Rudi C comments on How did LW update p(doom) after LLMs blew up?

Rudi C 23 Apr 2023 17:44 UTC
3 points
2
1. This argument (no apriori known fire alarm after X) applies to GPT4 not much better than any other impressive AI system. More narrowly, it could have been said about GPT3 as well.
2. I can’t imagine a (STEM) human-level LLM-based AI to FOOM.
2.1 LLMs are slow. Even GPT3.5-turbo is only a bit faster than humans, and I doubt a more capable LLM to be able to reach even that speed.

2.1.1 Recursive LLM calls ala AutoGPT are even slower.

2.2 LLMs’ weights are huge. Moving them around is difficult and will leave traceable logs in the network. LLMs can’t copy themselves ad infinitum.

2.3 LLMs are very expensive to run. They can’t just parasitize botnets to run autonomously. They need well funded human institutions to run.

2.4 LLMs seem to be already plateauing.

2.5 LLMs can’t easily self-update like all other deep models; “catastrophic forgetting.” Updating via input consumption (pulling from external memory to the prompt) is likely to provide limited benefits.

So what will such a smart LLM accomplish? At most, it’s like throwing a lot of researchers at the problem. The research might become 10x faster, but such an LLM won’t have the power to take over the world.

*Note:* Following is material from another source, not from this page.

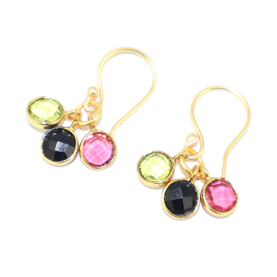 ต่างหูห้อยประดับด้วยควอตซ์หลากสีสามเม็ด ชุบทอง 22K ดีไซน์ทันสมัย เหมาะสำหรับงานปาร์ตี้ สำหรับสาวๆ ผู้หญิง งานแฮนด์เมด ขายส่งจำนวนมาก

One concern is that once such an LLM is released, we can no longer pause even if we want to. This doesn’t seem that likely on a first thought; human engineers are also incentivized to siphon GPU hours to mine crypto, yet this did not happen at scale. So the smart LLM will also not be able to stealthily train other models on institutional GPUs.
1. I do not expect to see such a smart LLM in this decade. GPT4 can’t even play tic-tac-toe well; Its reasoning ability seems very low.
2. Mixing RL and LLMs seems unlikely to lead to anything major. AlphaGo etc. probably worked so well because of the search mechanism (simple MCTS beats most humans) and the relatively low dimensionality of the games. ChatGPT is already utilizing RLHF and search in its decoding phase. I doubt much more can be added. AutoGPT has had no success story thus far, as well.
Summary: We can think about pausing when a plausible capability jump has a plausible chance of escaping control and causing significantly more damage than some rogue human organization. OTOH, now is a great time to attract technical safety researchers from nearby fields. Both the risks and rewards are in sharp focus.

Postscript: The main risks current EY thesis has are stagnation and power consolidation. While cloud-powered AI is easier to control centrally to avoid rogue AI, cloud-powered AI is also easier to rent-seek on, to erase privacy, and to brainwash people. An ideal solution must be a form of multipolarity in equilibrium. There are two main problems imaginable:
1. asymmetrically easy offense (e.g., single group kills most others).
2. humans being controlled by AIs even while the AIs are fighting. (like how horses fought in human wars)
If we can’t solve this problem, we might only escape AI control to become enslaved by a human minority instead.